Purpose of the Study:
- To develop and evaluate ProstAtlasDiff, an enhanced DDPM approach for prostate cancer segmentation on MRI.
- To integrate prostate cancer heterogeneity knowledge into DDPMs for improved detection accuracy.
- To assess ProstAtlasDiff's performance against alternative models and radiologists.
Main Methods:
- Developed ProstAtlasDiff, a DDPM-based model incorporating a prostate cancer atlas to guide noise removal.
- Quantified cancer distribution heterogeneity using a registration pipeline for voxel-level mean and variance calculations.
- Trained and validated ProstAtlasDiff on multi-institution, multi-scanner datasets and compared it with existing models and expert radiologists.
Main Results:
- ProstAtlasDiff demonstrated statistically significant improvements in accuracy (0.91 vs. 0.85), specificity (0.91 vs. 0.84), and PPV (0.50 vs. 0.35) compared to alternative models.
- Achieved higher Dice Coefficient (0.33 vs. 0.31) for more accurate cancer outlines.

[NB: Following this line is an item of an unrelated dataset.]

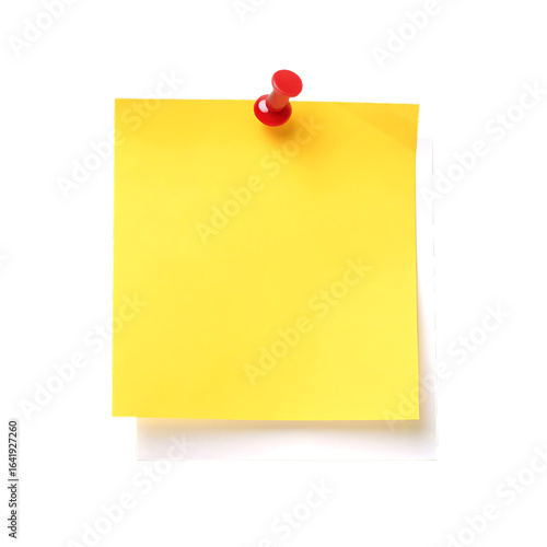 Yellow paper note red pushpin isolated on a transparent background sticky post

- In comparison to radiologists, ProstAtlasDiff detected 16% more clinically significant cancers (sensitivity: 0.90 vs. 0.75) and showed comparable performance in other metrics.
Conclusions:
- ProstAtlasDiff significantly enhances prostate cancer detection and segmentation accuracy on MRI by leveraging cancer distribution knowledge.
- The model shows potential to outperform current methods and assist radiologists in biopsy guidance and treatment planning.
- Further validation in larger cohorts confirms ProstAtlasDiff's superiority over alternative approaches.